Article Preview
Top1. Introduction
Today’s data is doubling every two years, the semi-structured data or self-describing data accounts for more than 80% of the data collected by different organizations including the healthcare industry in Holzinger, Andreas, Pasi, Gabriella (Eds. 2013). Healthcare data includes rich sources and diverse types, and new data is continuously and rapidly generated. Especially semi-structured data or self-describing data generation) is growing exponentially after 2010. Moreover, Electronic Health Records (EHRs) are often integrated from multiple data sources or different Health Information Technology (HIT) systems. These data sources include biochips, genomic data, biometric data, clinical data, claims, geo-based biosensor information, environmental factors or risks, and so on.
Due to the rapid worldwide development of communication and information technology, the digital revolution creates an E-Health Era for the communication between doctors and patients (Jonathan P Weiner, 2012). In the E-Health Era, electronic devices mediate the interaction of physicians and patients for health care delivery, making the face-to-face contacts between patients and doctors less common, which is the special nature of the doctor/patient relationship. The digital practice milieu surrounds both the provider and the patient of advanced healthcare systems. Some devices or information systems support the doctor/patient interaction, e.g. claim management/health IT systems and biometric/telemedicine/remote patient monitoring. Also, these systems store different types of communication data (including EHRs and PHRs).

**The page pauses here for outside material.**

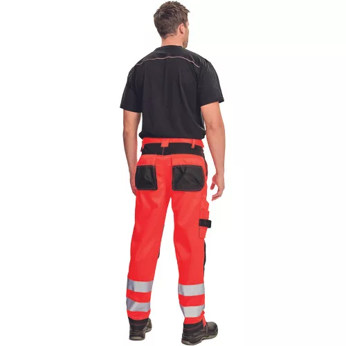 • férfi nadrág rugalmas derékkal jólláthatósági kivitelben • 2 oldalzseb • 1 multifunkciós zseb a lábszáron • D-gyűrű • 2 hátsó zseb • kalapácstartó kontrasztos színben • megerősített térdrész, térdvédőtartó • 5 cm-rel meghosszabbítható szárak • a nadrágszár hátsó, alsó része megerősített

In the past, Relational Databases Management System (RDBMS) or Enterprise Data Warehouse (EDW) had been the default choice for data analysis. However, the use of non-relational databases (i.e. NOSQL), such as HBase and MongoDB, is rapidly growing due to their capability to overcome cost/time challenges for big data analysis. In comparison to RDBM or EDW, NOSQL databases can much better handle structured, semi-structured and unstructured data with storage volume in TBs or PBs in a short release cycle time (Tugdual Grallv, 2016).

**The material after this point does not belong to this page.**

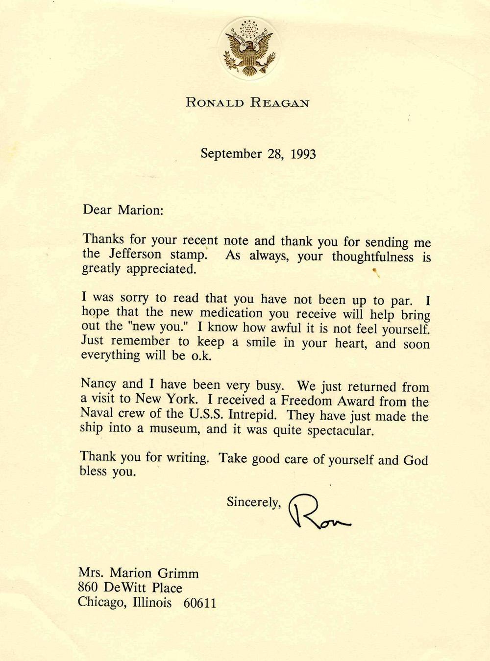 Typed letter signed by Ronald Reagan. Composed on Presidential Seal stationery and dated 28 September 1993, Reagan writes to Marion Grimm, the widow of Chicago Cubs' Charlie Grimm. In part: ''…I was sorry to read that you have not been up to part…Nancy and I have been very busy. We just returned from a visit to New York. I received a Freedom Award from the Naval crew of the U.S.S. Intrepid. They have just made the ship into a museum, and it was quite spectacular…Sincerely, Ron.'' 6.5'' x 8.5'' letter has creasing to corners, else fine.

Big data has the 4-V features (i.e. volume, variety, velocity and veracity) and big data analysis has the 5-M features (i.e. measure, mapping, method, meaning and matching). Certainly, big data should have a large data size (e.g. the digital healthcare data will be 25,000 petabytes in 2020). Besides volume, big data should have different data types (e.g. medical sensor data, clinician notes, epidemiology and behavior data, social networks are useful healthcare data sources); velocity is also an important feature of big data, which is determined by the timeliness of data creation (e.g. 2 million claims are daily produced or HIT real-time archives claims into databases); as valid data sources, big data should have a good data accuracy and completeness. The data sources with large biases, noises or errors should not be viewed as acceptable data, even if these data sources have a large size and various data types (Gandomi & Haider, 2015; Courtney, 2013).
In the 5-M features, data measure is the above 4-V, and data mapping means data integration and interoperability in data analysis. Analytic methods of big data include data exploration, prediction, modeling, simulation and visualization. Also, big data analysis is the process of knowledge discovery and gain the meaning or implication from the data analytic results (Kharrazi, 2013). For instance, data analyses support evidence-based medical research or the conclusions of data results are helpful to make some clinical practice guidelines. Certainly, the outcomes of big data analyses should fit the health goals such as triple aims and the affordable care act.